= Jewelry hygiene =

Area of study

Jewelry hygiene is an area of study focusing on sanitary practices and habits relating to jewelry in an effort to understand jewelry's effect on hand hygiene. There are four key elements to optimally sanitizing jewelry: steam or hot water, water pressure and an antibacterial cleaning agent. Hand hygiene is particularly acute for health workers and those working in the food service industry.

== Jewelry and hand contamination ==

The relationship between wearing rings and the transmission of microorganisms is still unclear. The Centers for Disease Control and Prevention guideline has categorized this as an "unresolved issue" in need of additional research; the draft WHO guidelines also do not have a stated recommendation against the wearing of rings but note that "the consensus recommendation is to discourage the wearing of rings or other jewelry during healthcare."
A number of studies have shown that ring wearing increases the likelihood of bacterial contamination; in particular these studies have demonstrated that the skin under rings can be more heavily colonized than areas of skin without rings and can be a major contributor to hand contamination.

Trick et al. (2003) studied 66 surgical intensive care unit nurses, culturing each hand before and after the staff nurse performed hand hygiene; they found that wearing rings was associated with a 10-fold higher median count of skin microorganisms, especially with yeast species or Gram-negative bacilli and a stepwise increase risk of contamination with any transient organism as the number of rings worn increased.

Another study states that rings were the only substantial risk factor for carriage of Gram-negative bacteria and S. aureus on the hands. Salsbury et al. (1997) found that there was a higher reduction after hand washing by healthcare workers without rings than by those with rings. The study included 100 hospital healthcare workers who worked on general medical and surgical units, excluding those who had used antimicrobial soap in the previous two weeks, had artificial nails, or were receiving antibiotics. Each healthcare worker who wore rings was paired with a worker from the same unit who did not wear rings. Cultures were taken from the solution poured over each healthcare worker's hands as they performed a 60-second friction rinse, done both before and after a routine handwash. Mean total colony counts for those who wore rings were higher before and after hand washing.

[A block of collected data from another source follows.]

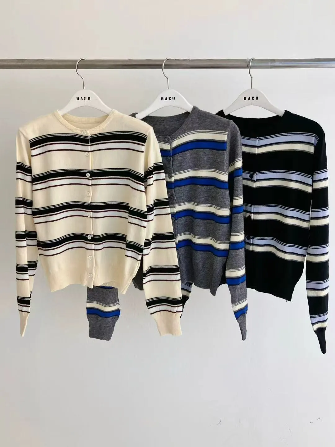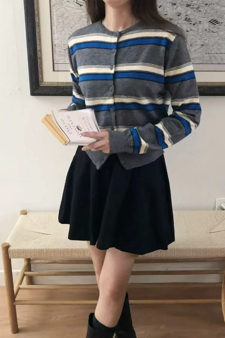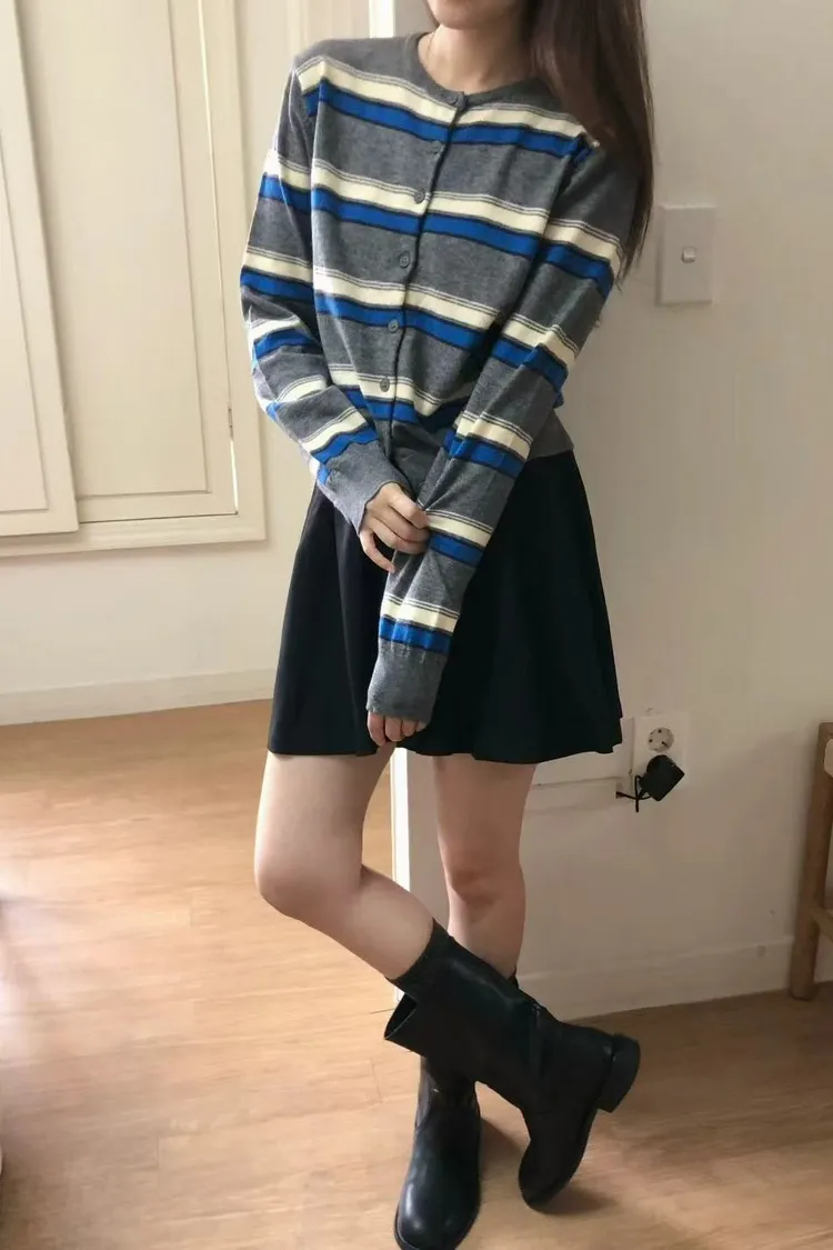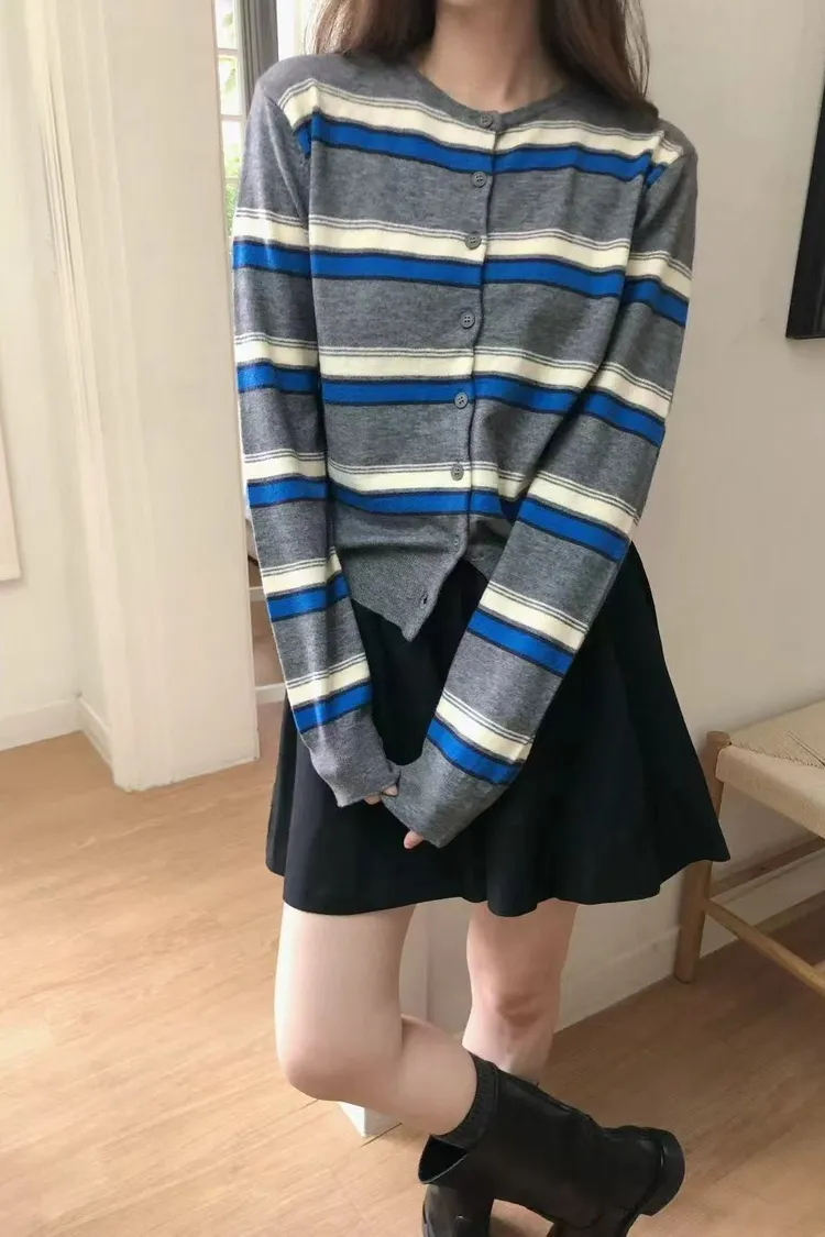 日常百搭條紋針織開衫 撞色條紋外套
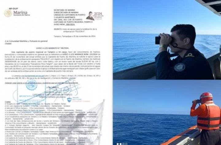 La Capitanía de Puerto Regional en Tampico hizo del conocimiento de marinos, pescadores y...
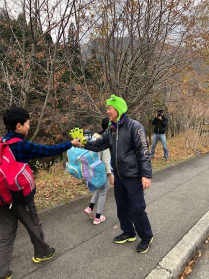 最後は花背山の家のマスコットキャラクター「ハナコロ」がお見送りしてくれました。その中には,再び「きーやん」の姿が!!
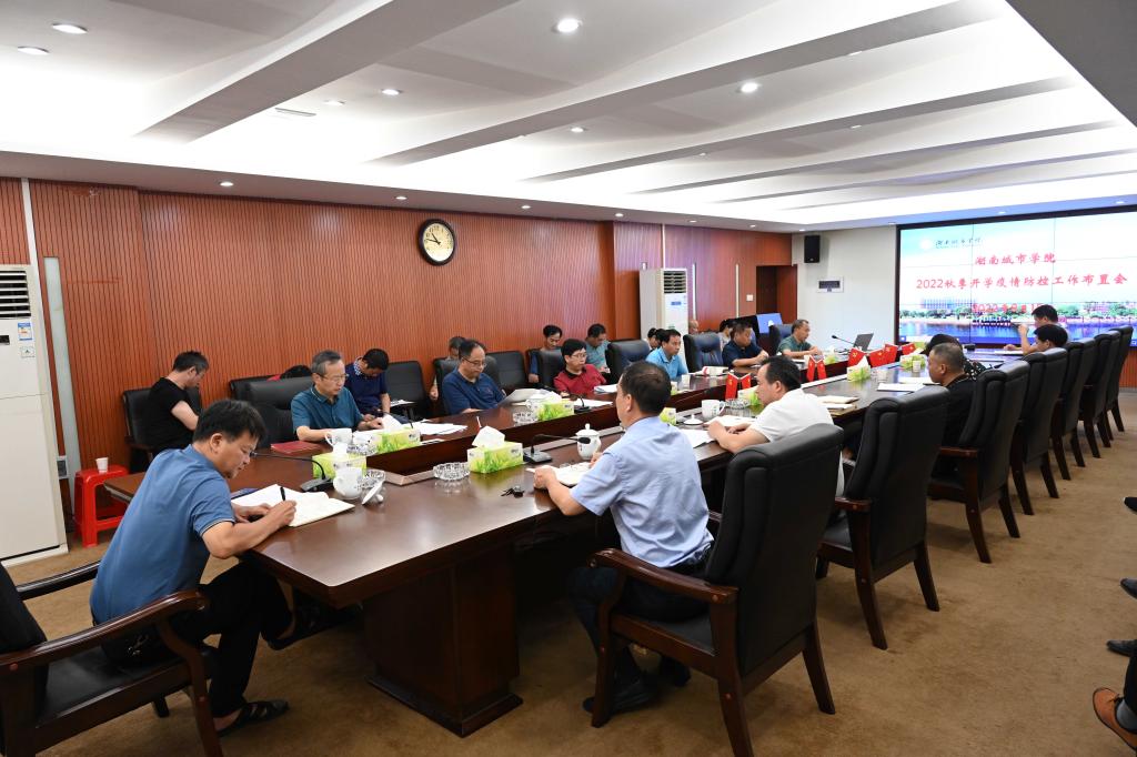 本网讯(记者 博夕)8月15日上午,我校在办公楼一会议室召开2022年秋季开学疫情防控工作布置会。校长汤放华主持会议并讲话,学校疫情防控领导小组成员、领导小组办公室成员单位负责人、二级学院党委(党总支)书记参加会议。

Hoffman et al. (1985) reports that mean bacterial counts were higher on ring-wearing fingers (1600 compared to 180 for non-ring wearing fingers). They survey included 50 nurses working on medical and surgical wards who permanently wore rings and studied the microorganisms isolated from skin under the rings. Forty percent of these nurses (20 nurses) had Gram-negative bacilli on the skill under their rings, and 16 of these 20 nurses still had most strains each time the nurses were sampled during the five-month study. A similar study found that even after washing hands with povidone-iodine, those with rings had higher bacterial counts than those without.
The published research appears to show that jewelry is a significant vehicle for the transmission of pathogens and a driver of hand contamination.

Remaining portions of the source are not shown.